For the past three years, the Centers for Medicare and Medicaid Services (CMS) has worked to align quality measures across different public programs in an attempt to support consistent high quality care for patients and to reduce complexity and burden for clinicians in how they report on quality improvements. CMS has already aligned quality measures across acute care hospital programs, such as the Inpatient Quality Reporting Program, Hospital Value Based Purchasing, and the Hospital-Acquired Condition Reduction program. Hospitals report their quality measures once, which are then used for multiple programs.

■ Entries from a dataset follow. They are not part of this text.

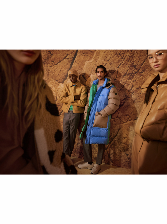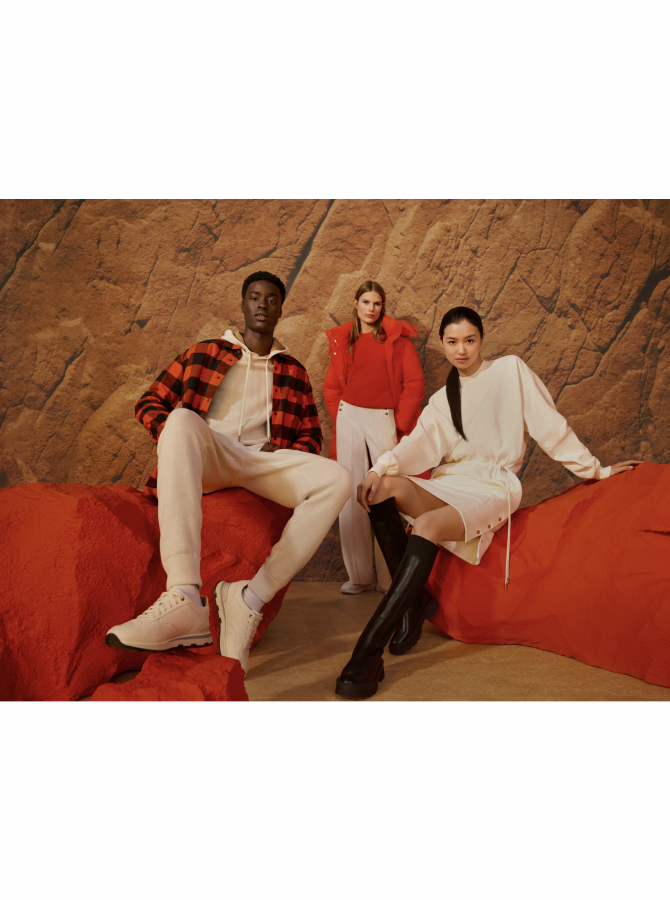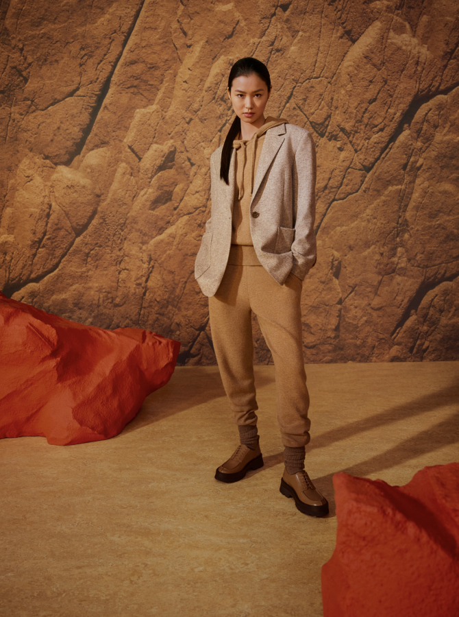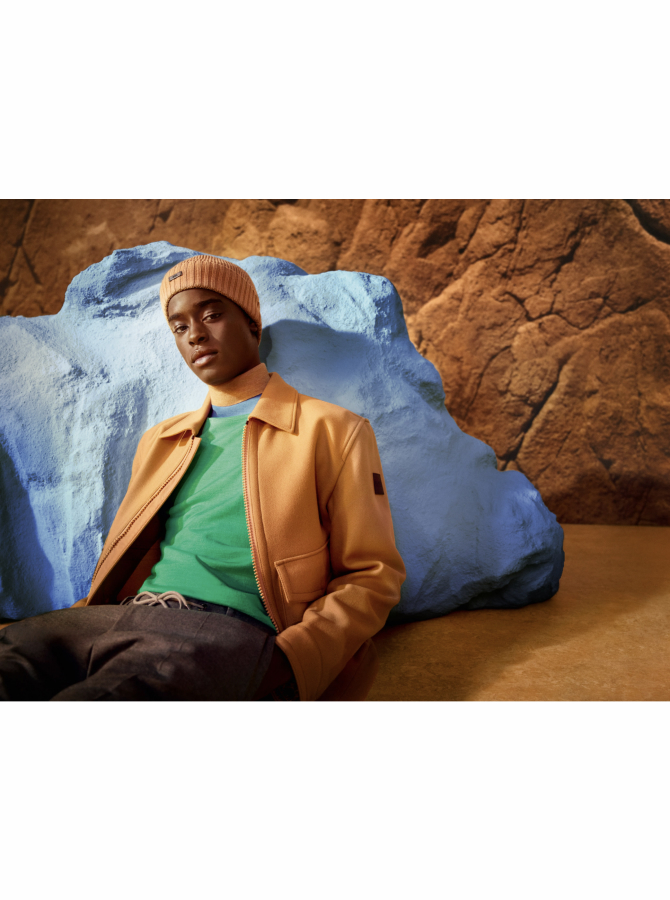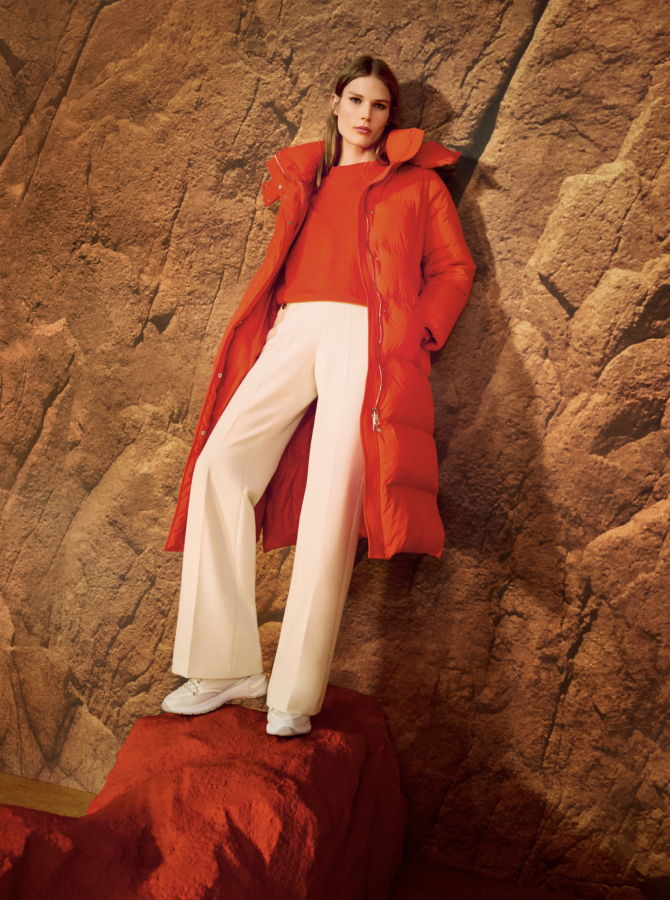 В коллекцию вошли шерстяные свитеры, хлопковые худи, длинные трикотажные платья, свободные брюки, объемные шарфы, шапки-бини и бейсболки с узнаваемым логотипом Boss, вместительные сумки, короткие куртки, пальто и пуховики. Черный, белый, серый и бежевый цвета сочетаются с темно-синим, голубым, ярко-зеленым, красно-оранжевым и лимонно-желтым.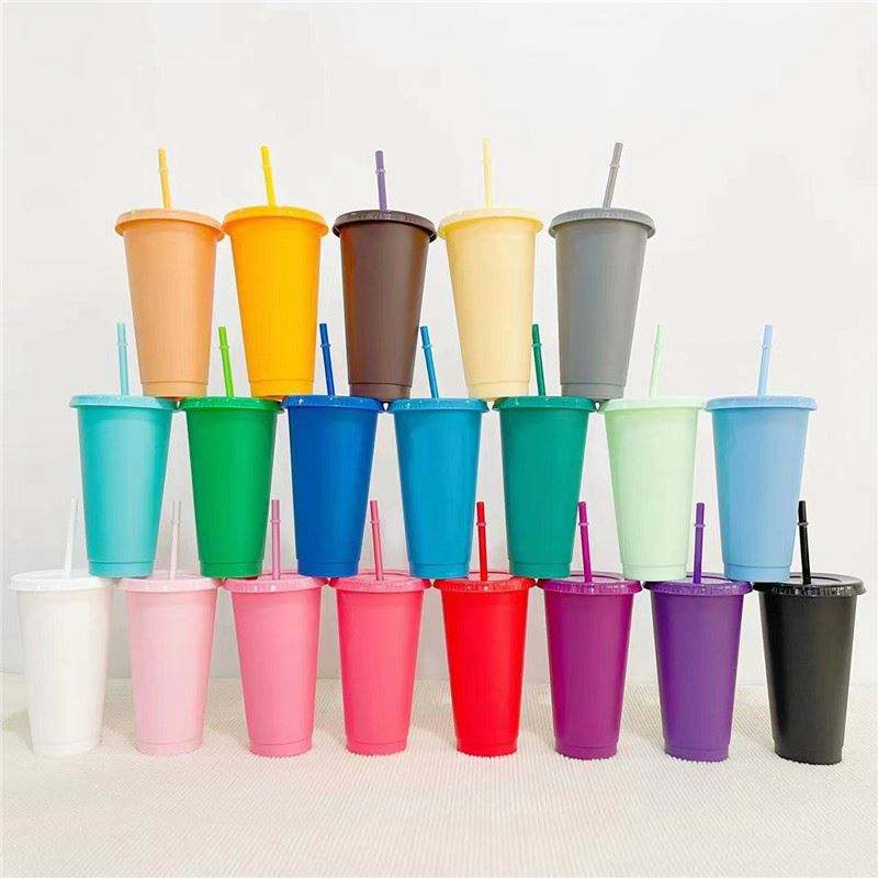 Wholesale Plastic Frosted Summer Glitter Straw Cup Mini Compact Portable Leak-Proof Party Use 8oz-32oz Capacity with for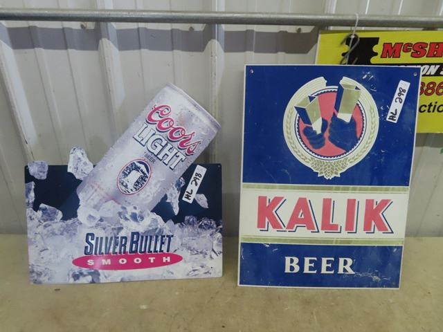 2 Metal Beer Signs 1) Coors Light 18" x 18" & 1) Kalik Beer 15" x 20"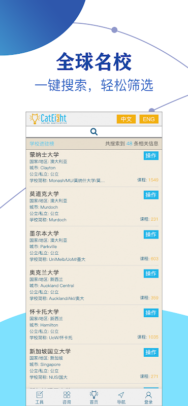 2. 新增“课程搜索”,你可以搜索澳大利亚、新西兰、新加坡的各级各类学校课程,查看课程详情;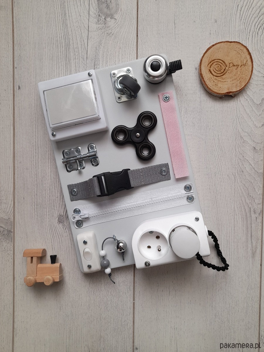 Prezentowana przez nas tablica manipulacyjna w wersji „mini” wykonana jest na drewnianej sklejce brzozowej.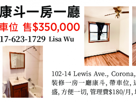 周六日 公展 法拉盛35大道和Parsons Blvd 大一房一厅已改两房一厅$328,000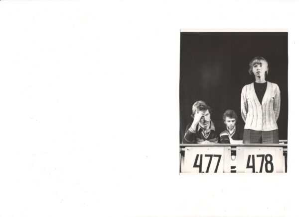 Katrin Nielsen lavakunstikooli 10. lennu tudengina Merle Karusoo lavastuses „Meie elulood”. Noormehed tema kõrval on kursusekaaslased Elmar Trink ja Andres Lepik. Numbrid noorte ees näitavad nende keskkooliaegset keskmist hinnet. Foto: erakogu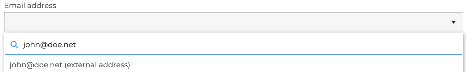 - an external address: type the desired address and validate by clicking on the proposed address or by simply leaving the field: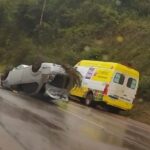Na tarde deste domingo (6), um carro capotou na BR-040, na altura do trevo de São Sebastião das Águas Claras, também conhecido como Macacos, em Nova Lima. O trânsito foi parcialmente interditado, no sentido Belo Horizonte. De acordo com a concessionária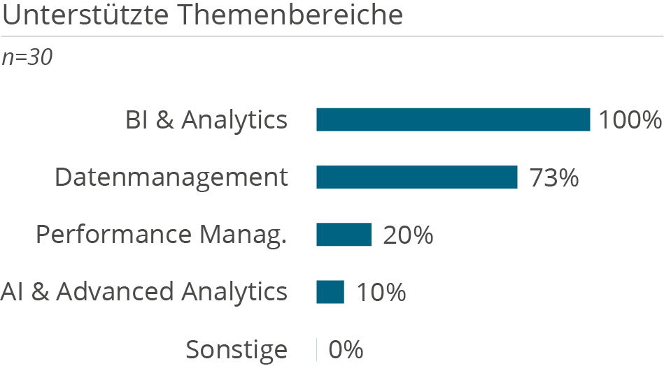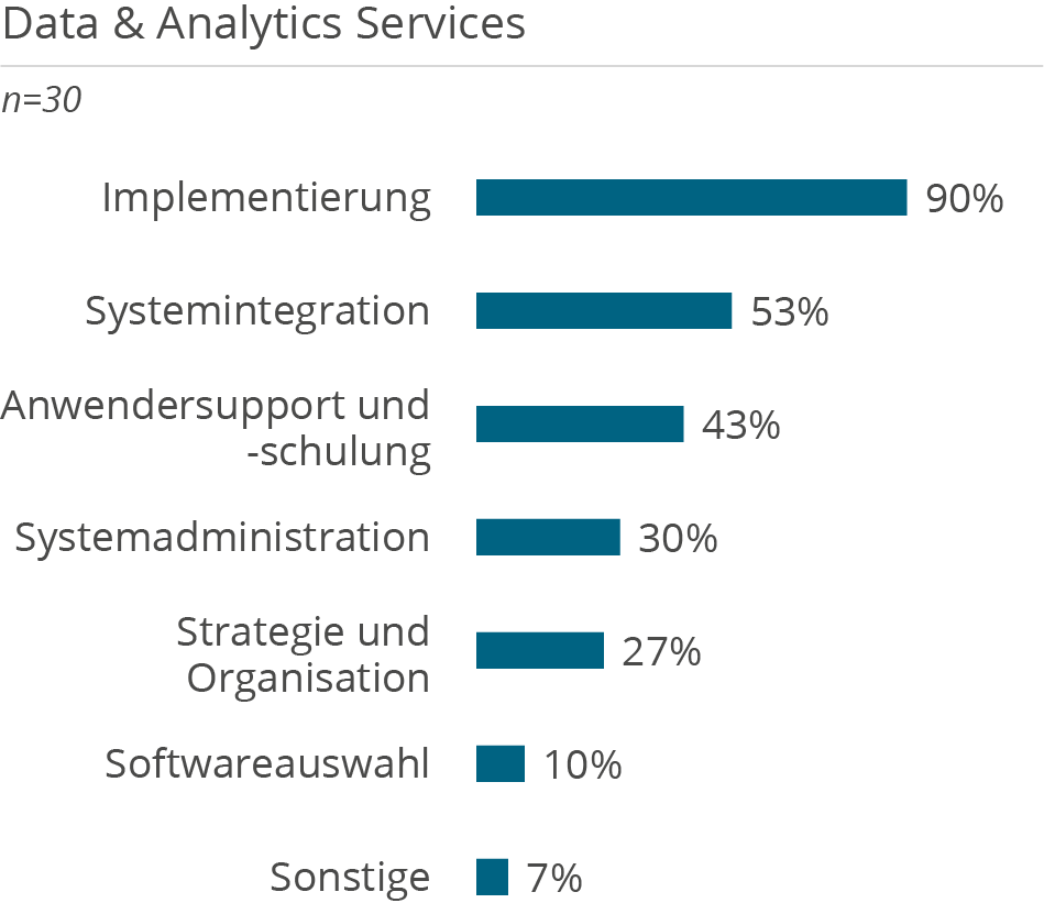 Die folgenden Demografie-Grafiken zeigen neben Kundendemografie (Unternehmensgröße und Branche), die Unterstützung der Kunden aufgeteilt nach Tätigkeiten in D&A Themenbereichen, erbrachten Services sowie eingesetzten Technologien.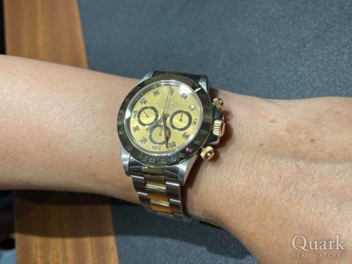 S様 この度は数ある時計店からクォーク名古屋駅店をご利用いただき誠にありがとうございます。今月2本目のご購入ありがとうございます。ご購入いただきました『Ref.16523G』シャンパンダイヤルは1988年~2000年まで製造されていたデイトナでございます。搭載されているムーブメントCal.4030は、傑作自動巻きクロノ・ムーブと謳われるゼニス社「エル・プリメロ」をベースにさらなる耐久性を求め、ロレックス独自の改良が施されているモデルでございます。ゴージャスさが引き立つダイヤルでS様にピッタリのお時計になると存じます。また当店でブレス洗浄、タイムチェックも無料で行っておりますので、お近くにお越しの際は遊びにいらしてくださいませ。お使いいただく上で何かご不明な点等ございましたら、また久保までご相談ください。今後とも末永いお付き合いの程よろしくお願いいたします。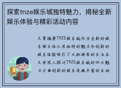 文章摘要:TNZE娱乐城作为全新的娱乐综合体,以其独特的魅力和创新的娱乐体验吸引了大批游客的关注。本文将深入探讨TNZE娱乐城的四大魅力方面:创新的娱乐设施、丰富的互动活动、独特的娱乐氛围以及贴心的服务体验。每一项内容都展现了TNZE娱乐城如何通过多元化的设计和活动来满足不同游客的需求。从刺激的游戏体验到多彩的社交活动,再到专业的服务团队和充满活力的氛围,TNZE娱乐城无疑为现代娱乐产业注入了新的活力。本文将为您揭开这些精彩活动背后的独特魅力,探索TNZE娱乐城如何通过全新的娱乐体验打造一个让人沉浸其中的乐园。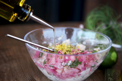 1.- Con ayuda de un tenedor aplasta las judías blancas cocidas hasta obtener una crema tosca. Incorpora el pepino, la cebolla encurtida picada en brunoise (pequeños dados de 1 a 2 mm de lado), la albahaca y el eneldo picadito, sal, pimienta, aceite de oliva, jugo de lima al gusto y mezcla hasta que esté bien combinado.
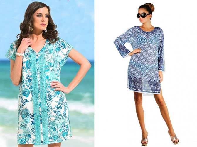 Для жаркой поры шьют легкие туники с короткими широкими рукавами или без них. Глубокий вырез горловины и пройм делает такую одежду похожей на длинные майки или платья-халаты. Летнее платье-туника чаще всего отшивается из шифона, хлопка, льна, шелка. В оформлении используют красочные принты, аппликации или оригинальные вышивки.
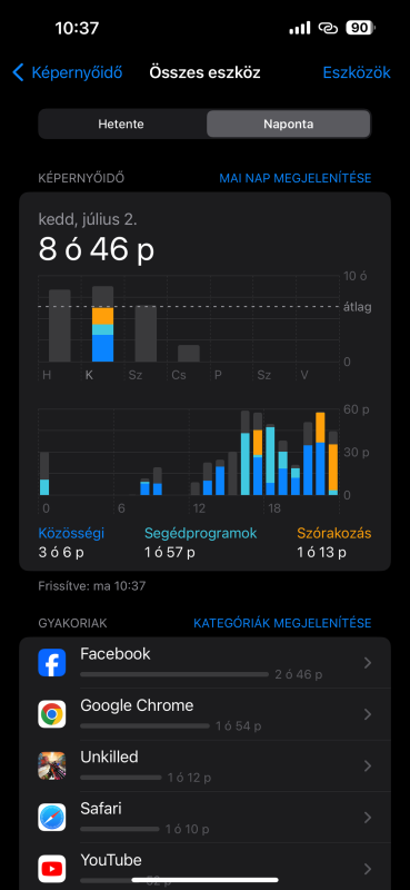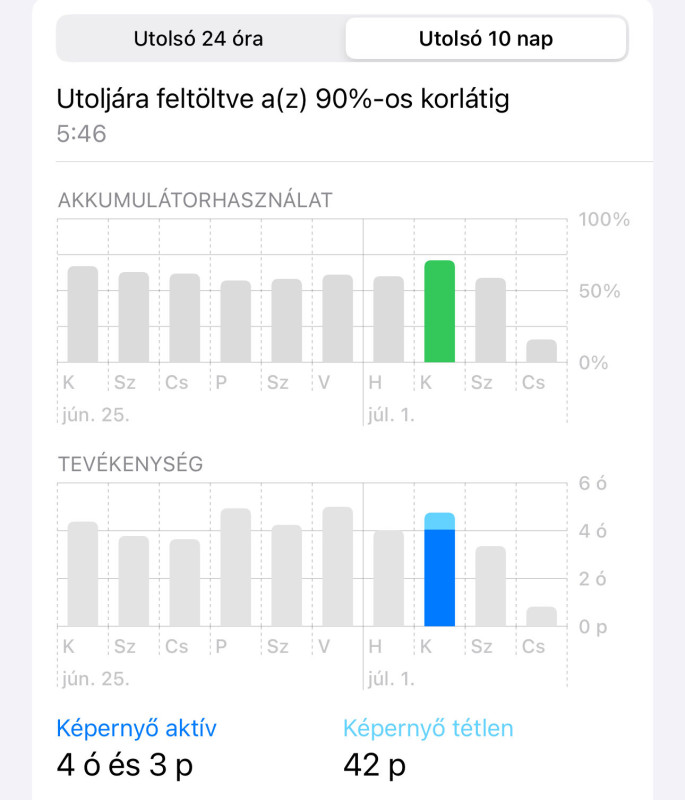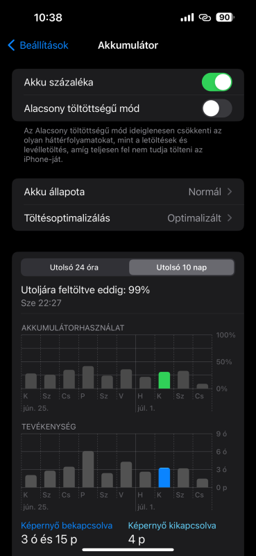 Üdv . ( kell nekem a kijelzőidőt nézegetni ) . 15 Pllus , vegyük a keddet , a beállítások beállitasokban a kijelzőidő 8 óra pár perc , aztán átmegyek az akkumulátor részre és láss csodát ott már csak 3 óra pár perc …. Az is tény , h nyilvánvalóan nem nyomogattam a telót 8 órán keresztül . Ez a jelenség kb 2 hete van , előtte nem volt ilyen . Nálatok mi a helyzet ? Ja és kb 2 naponta töltöm a telót .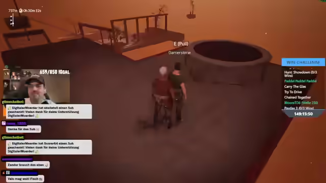 06:27:35Der Streamer und G-Time beginnen das Spiel Chain Together zu erkunden, wobei sie die Mechaniken des Spiels testen, wie das gegenseitige Hochziehen und die Auswirkungen von Stürzen. Es wird festgestellt, dass ein Spieler den anderen retten kann, wenn dieser fällt, was an God of War erinnert. Die Schwierigkeitsgrade Normal und Lava werden erwähnt. Durch das gemeinsame Spielen und Ausprobieren der Spielmechaniken entsteht eine unterhaltsame Dynamik. Es wird auch überlegt, wann wer springt, um Hindernisse zu überwinden. Das Ziel des Spiels, aus der Hölle zu entfliehen, wird ebenfalls thematisiert. Die anfängliche Erkundung des Spiels, gepaart mit humorvollen Kommentaren und der Interaktion der Spieler, sorgt für eine lockere und unterhaltsame Atmosphäre.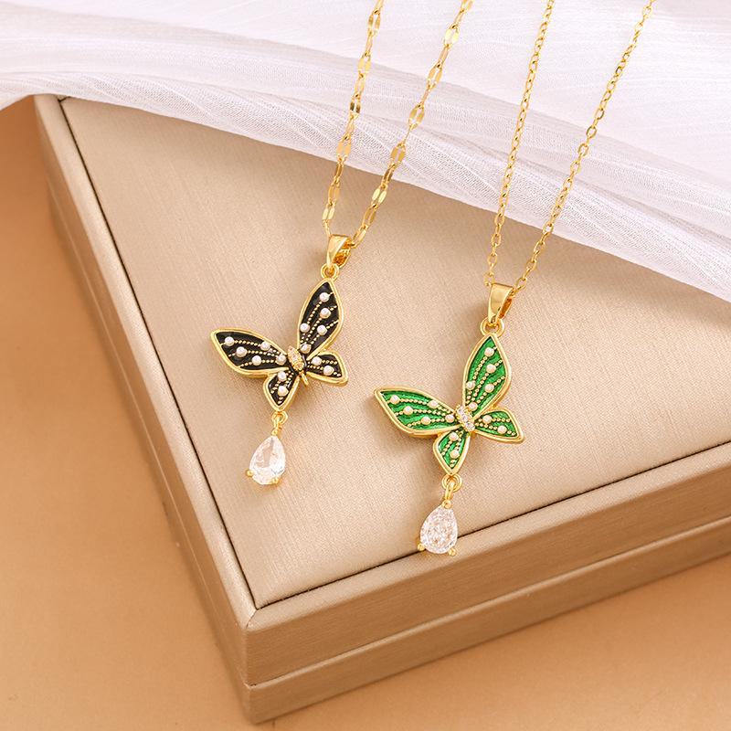 230 Color Butterfly Necklace-Gold Black, 230 color butterfly necklace-Golden Green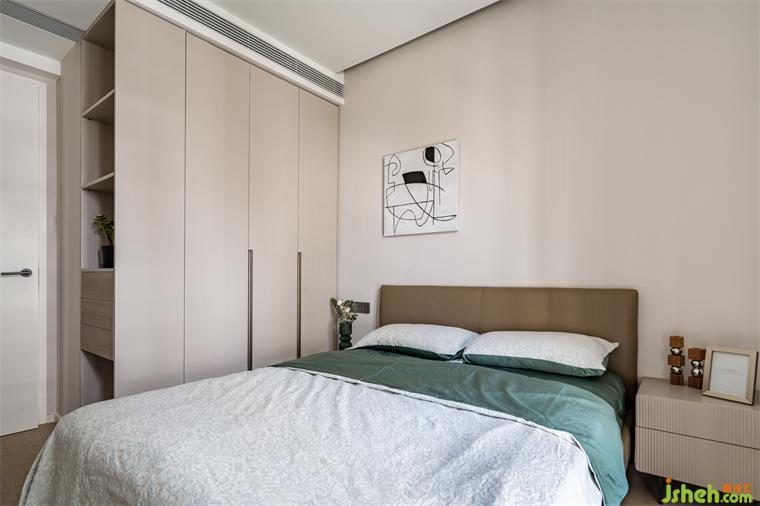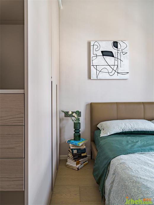进门处增加衣柜侧边开放格,海境界家装设计既满足储物也能让人进入房间时不觉拥挤压抑

CMS recently announced the release of seven sets of core clinical quality measures intended for use in multi-payer settings. These measures were selected to support multi-payer alignment on core measures primarily for physician quality measurement program, as measure requirements are often not aligned among payers, which often results in confusion and complexity for reporting providers.
The guiding principles used to develop the core measure sets are that they be meaningful to patients, consumers, and physicians, while reducing variability in measure selection, collection burden, and cost. The goal is to establish broadly agreed upon core measure sets that can be harmonized across commercial and government payers.
The seven core measure sets focus on the following areas: Accountable Care Organizations (ACOs), Patient Centered Medical Homes (PCMH), and Primary Care; Cardiology; Gastroenterology; HIV and Hepatitis C; Medical Oncology; Obstetrics and Gynecology; and Orthopedics.
The seven measures were selected as a part of a collaboration between CMS, America's Health Insurance Plans (AHIP), private payers, and other stakeholders, known as Core Quality Measures Collaborative, to establish "broadly agreed upon core measure sets that could be harmonized across both commercial and government payers." Current measures acted as a model for the new measure sets, and CMS plans to use the rulemaking process to introduce additional measures from the new sets into public reporting programs.
According to CMS Acting Administrator Andy Slavitt, "In the U.S. Health care system, where we are moving to measure and pay for quality, patients and care providers deserve a uniform approach to measure quality. This agreement … will reduce unnecessary burden for physicians and accelerate the country's movement to better quality."
Implementation will occur in several stages. When it comes to private payers, the measure sets will be phased in over time as contracts between providers and payers are renewed and renegotiated. The implementation of certain measures will depend on the provider's ability to collect and report data through their Electronic Health Record (EHR). While some plans and providers may be able to collect certain clinical data, a robust infrastructure to collect data on all the measures in the core set does not currently exist, and further infrastructure may be required for certain measures.
The Health Care Payment Learning and Action Network (HCPLAN), a public-private collaboration established by CMS, will integrate these quality measure into their efforts to align payment model components with public and private sector partners. In addition, CMS is working with federal partners (i.e., the Office of Personnel Management, Department of Defense, and Department of Veterans Affairs) and state Medicaid programs to further align quality measures.
Given ongoing local and regional efforts at quality improvement, provider performance on some of the measures in the core sets may be topped out in particular areas of the country or within a particular provider's patient population. Private payer-provider collaboration will help to determine the appropriate subset of core measures that should be implemented.
The Core Quality Measures Collaborative will use the upcoming year as a transitional period, as it begins to adopt and harmonize the measures. The Collaborative will continually monitor the use of these measures to modify them as needed, based on lessons learned. In addition to monitoring progress, the Collaborative will invite broader participation and add additional measures and measure sets.
Debra L. Ness, president of the National Partnership for Women & Families, believes that "alignment across payers is key to making sure measurement doesn't waste resources or create unnecessary burden. Ultimately, it plays a foundational role in achieving better health and better health care at lower costs."